= Claus Helmut Drese =

German Opera and theatre manager (1922–2011)

Claus Helmut Drese (25 December 1922, in Aachen - 10 February 2011, in Horgen, Switzerland) was a German opera and theatre administrator, and author.

==Early career==
Drese began his career as a dramaturg at the Marburger Schauspielhaus in 1946. From 1952 to 1959, he was chief dramaturg and director at the Mannheim National Theatre. He was a theatre director in Heidelberg from 1959 to 1962. From 1962 to 1968, he was director of the Hessisches Staatstheater Wiesbaden and gained prominence by inviting several theatre companies from Eastern Europe to the Internationale Maifestspiele Wiesbaden. In 1968, he became Generalintendant for opera and theatre in Cologne. There, he first collaborated with Jean-Pierre Ponnelle. In 1975, he became artistic director of the Zurich Opera House, where his achievements included productions of Monteverdi's operas conducted by Nikolaus Harnoncourt and staged by Ponnelle.

==Vienna State Opera==
In 1984, Austrian culture minister Helmut Zilk designated Drese as director of the Vienna State Opera in Vienna. Drese began his tenure in 1986 and chose Claudio Abbado as the State Opera's music director. In the following five years, the State Opera experienced a very fruitful period. Abbado conducted both new productions and revivals, among them Un ballo in maschera (staged by Gianfranco de Bosio, designed by Emmanuele Luzzati), L'Italiana in Algeri (staged and designed by Ponnelle), Carmen (revival of the 1978 Franco Zeffirelli-production), Pelléas et Mélisande (staged by Antoine Vitez and designed by Yannis Kokkos), Il viaggio a Reims (staged by Luca Ronconi and designed by Gae Aulenti), Don Carlo (staged and designed by Pier Luigi Pizzi), Don Giovanni (staged by Luc Bondy, with Ruggero Raimondi as the Don), Le nozze di Figaro (staged by Jonathan Miller). Drese initiated cycle of all the major Mozart-operas.
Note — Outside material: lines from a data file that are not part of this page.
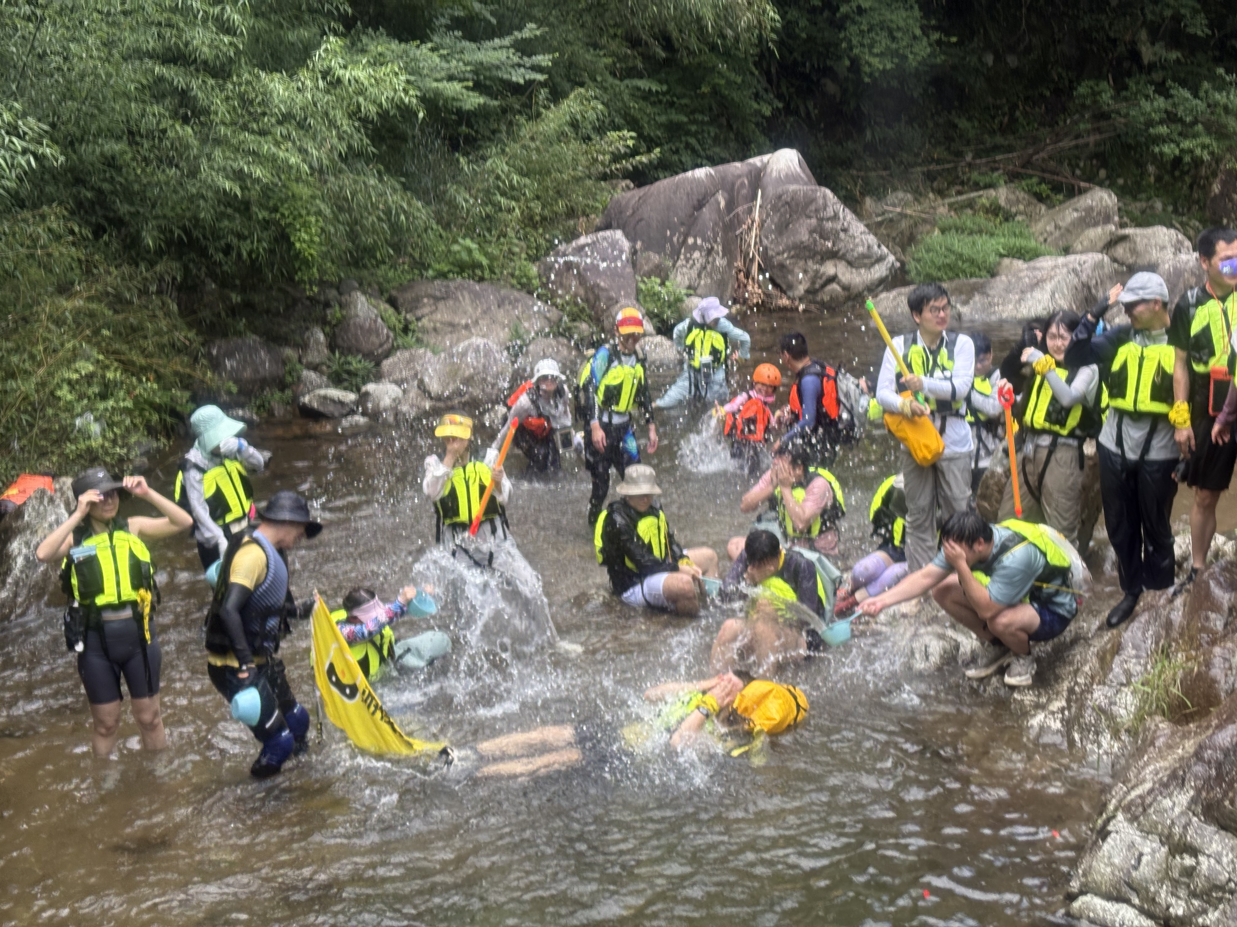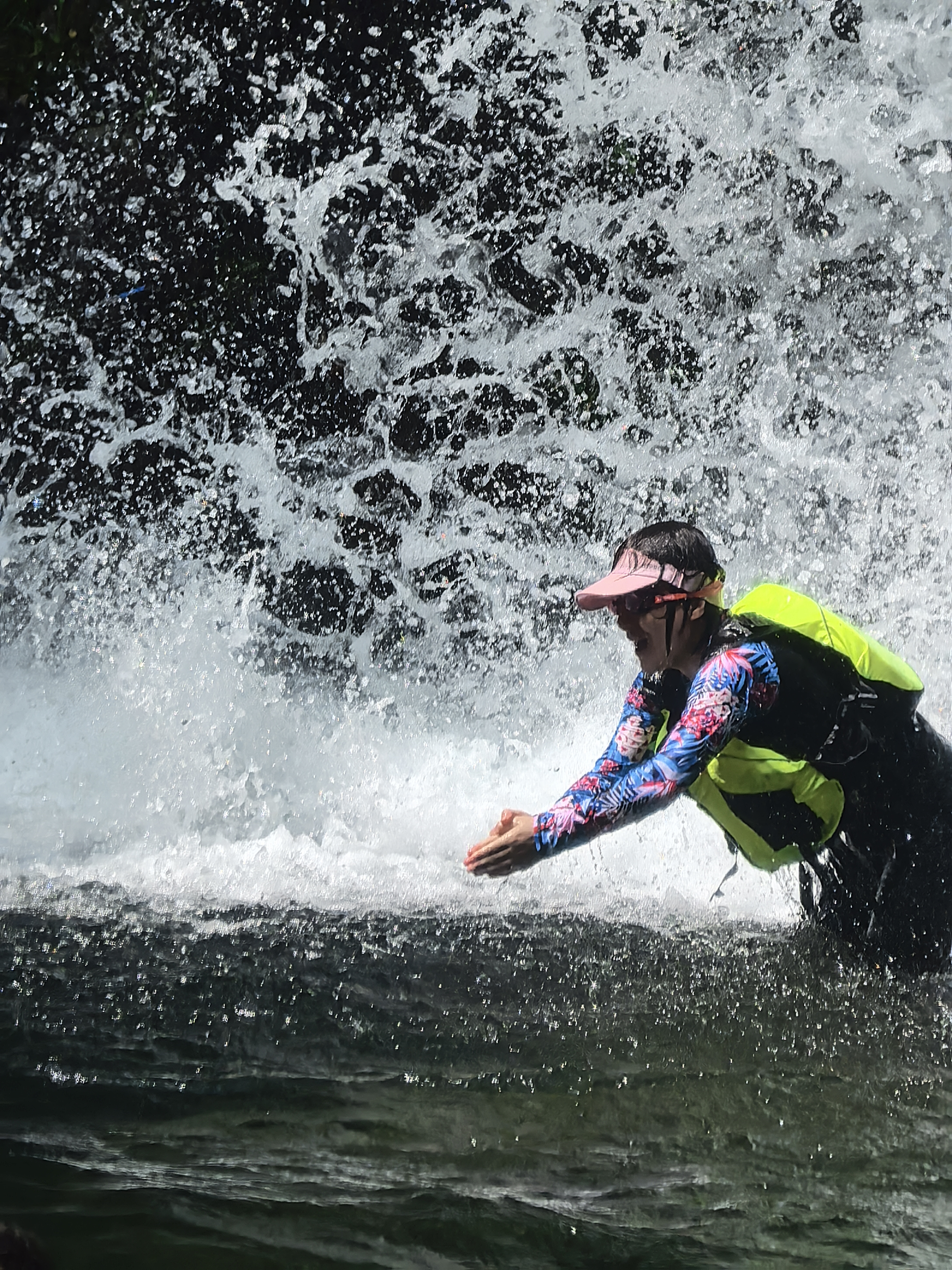 我大概是今天的“摔跤冠军”,一下水旁边的小伙伴冲着寿星一盆水飘来,我东倒西歪摔进水里。从此开启了,一路走一路摔一路打水仗的模式。常常是一只脚刚踩稳,另一只脚一动,脚下的石头就突然打滑,“噗通”一声坐进水里,溅得满身水花。摸索着前行,慢慢地学会,下脚前前后磨一磨看看我踩的石头滑不滑,然后再小心翼翼地踩过去。有的时候借助小伙伴的肢体支撑慢慢过去,31位游侠客小伙伴,转眼就成了互相兜底的家人,有人一路走,一路记录大家愉快玩水的样子。走到湍急的水口,我们开始排队,坐着水滑梯,一个个下来,乐此不疲闹开了。
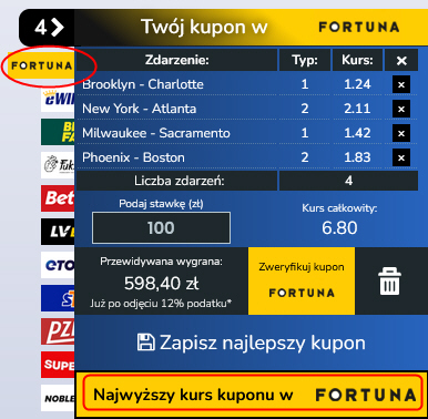 5) W porównywarce kursów możesz nie tylko sprawdzić który bukmacher oferuje najwyższe kursy na mecz, ale także możesz tworzyć kupony składające się z wielu różnych zdarzeń (AKO), a następnie porównywarka wskaże u którego bukmachera możliwe będzie uzyskanie najwyższej wygranej z takiego wielozdarzeniowego kuponu!
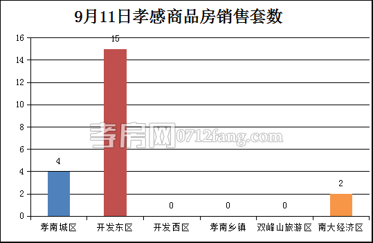 9月11日,全市的銷售套數(shù)為21套,孝南城區(qū)為4套,開發(fā)東區(qū)為15套,南大經(jīng)濟(jì)區(qū)為2套。
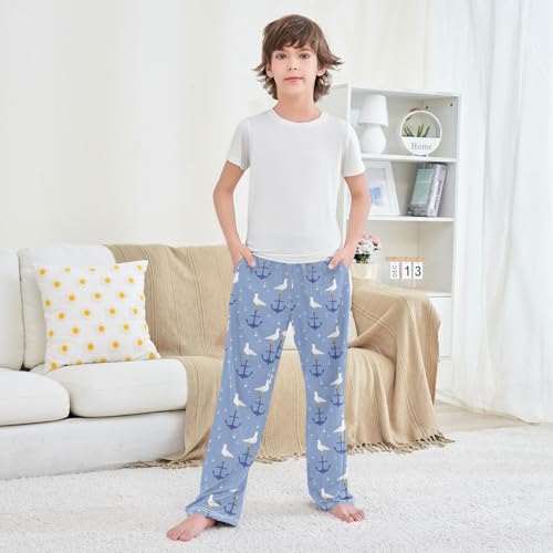 ALAZA Anchor Seagull Blue Cartoon Pajama Lounge Pants Long Sleep Pajama Bottoms with Pockets 1
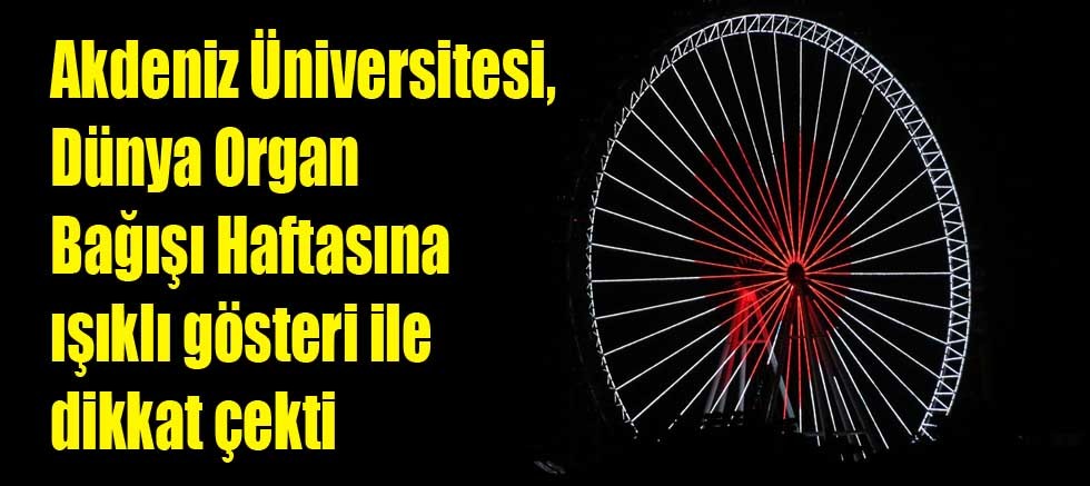 Akdeniz Üniversitesi Prof. Dr. Tuncer Karpuzoğlu Organ Nakli Merkezi, 3-9 Kasım Dünya Organ Bağışı Haftasına Türkiye’nin en büyük dönme dolabına yansıtılan ‘Organ Bağışlayın Cana Can Katın’ sloganıyla dikkati çekti.
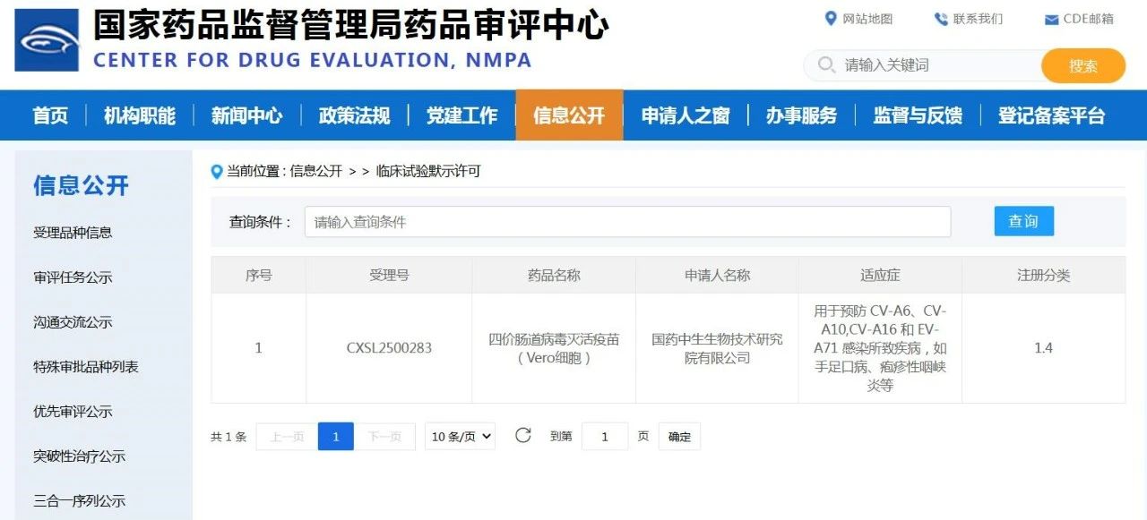 7月2日,由国药中生研究院(新型疫苗国家工程研究中心)自主研发的I类创新产品--四价肠道病毒灭活疫苗(Vero细胞)获得国家药品监督管理局颁发的临床试验批准通知书。该疫苗是研究院继成功研发EV71灭活疫苗上市并广泛应用后,在创新疫苗研发领域的又一突破性进展。这款具有更广泛防护能力的迭代产品获准进入临床验证阶段,是对研究院自主构建的通用型灭活疫苗技术平台稳定性、可拓展性和高效迭代能力的有力证明。
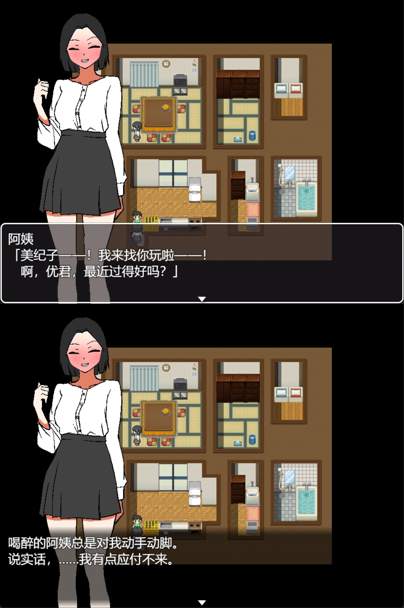 概要: 时间会根据步数和发生的事件而推进。 听取阿姨的请求或者闲聊会影响“好感度”……根据时间段和之前立下的flag,事件的发生与否也会有所不同。 有总共14个H场景。 通关后有回想房间。 游戏中看过的H场景,可以在回想房间里重新观看。 没有看过的H场景,也可以在回想房间里全部解锁。
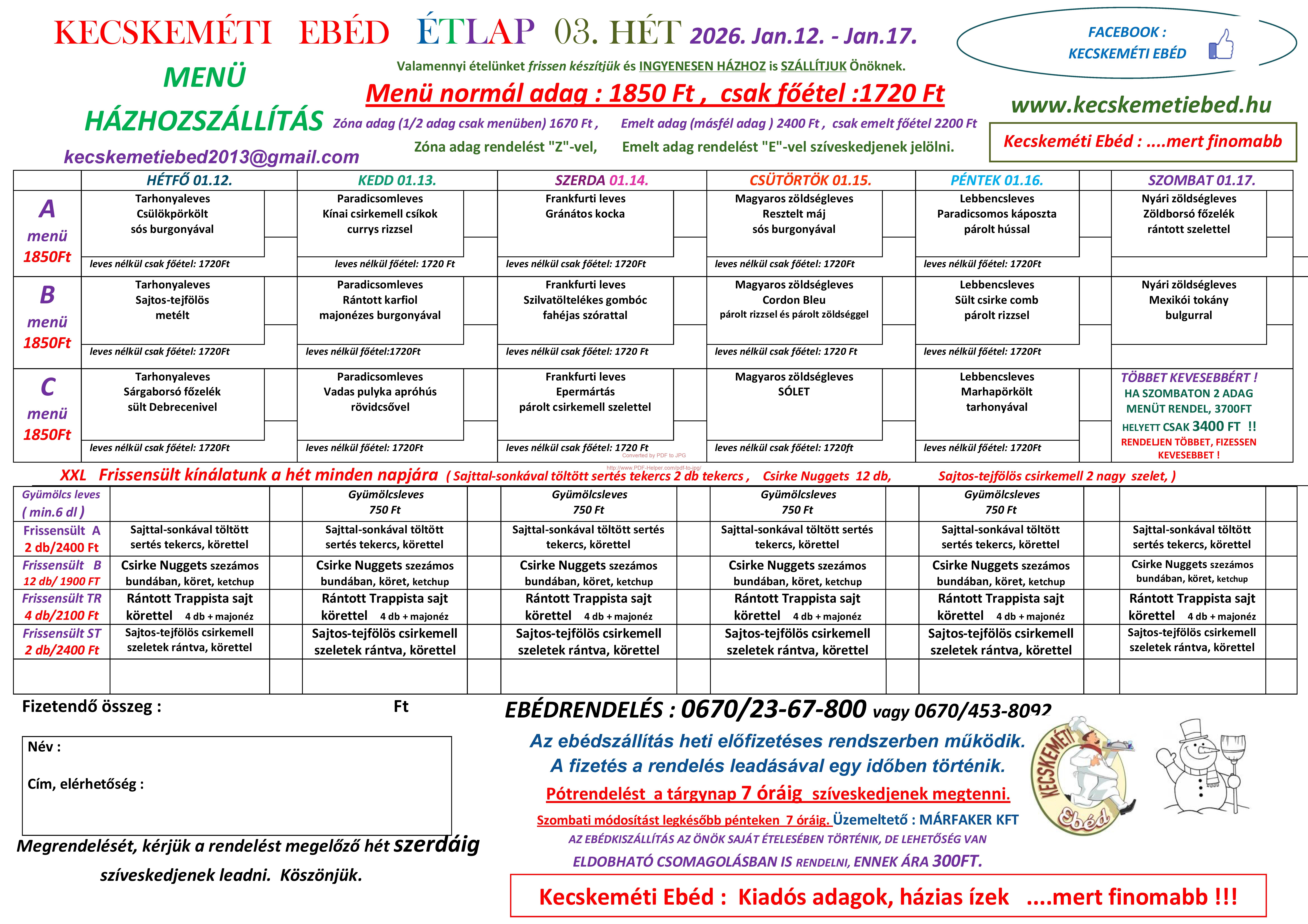 Naponta 3 féle menü és állandó frissensült kínálat házhoz szállítása Kecskeméten
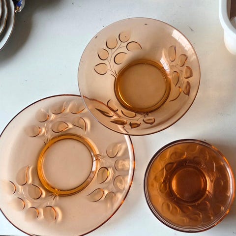 Vintage! Arcoroc FLEUR boller, fat, kopper

Drese also engaged conductors who had never conducted at the State Opera before, such as Harnoncourt (Idomeneo in 1987, followed by Die Zauberflöte staged by Otto Schenk in 1988, Die Entführung aus dem Serail and Così fan tutte in 1989), Colin Davis (Werther staged by Pierluigi Samaritani), Die Meistersinger von Nürnberg), Seiji Ozawa (Eugene Onegin in 1988; a critically acclaimed production with Mirella Freni and Nicolai Ghiaurov).

==Criticism, dismissal and aftermath==
Though Drese's term was internationally acknowledged as a very successful one, he received criticism for aspects of his work, such as excessive expenditure on 'star' opera singers. In June 1988, just days after the acclaimed first night of Pellèas et Mélisande, then Social Democratic culture minister Hilde Hawlicek met with Drese. She told him that his contract was not to be extended after 1991 and presented him his successors, Eberhard Wächter and Ioan Holender. Drese contemplated about resigning immediately, but finally chose to fulfill his contract. His final premiere in June 1991 was Der ferne Klang by Franz Schreker, conducted by Gerd Albrecht and staged by Jürgen Flimm. Ultimately, Drese's ideas to secure the State Opera's independence from the other state theatres were realized years later by his successor Holender, in addition to his idea of establishing longer running series of performances.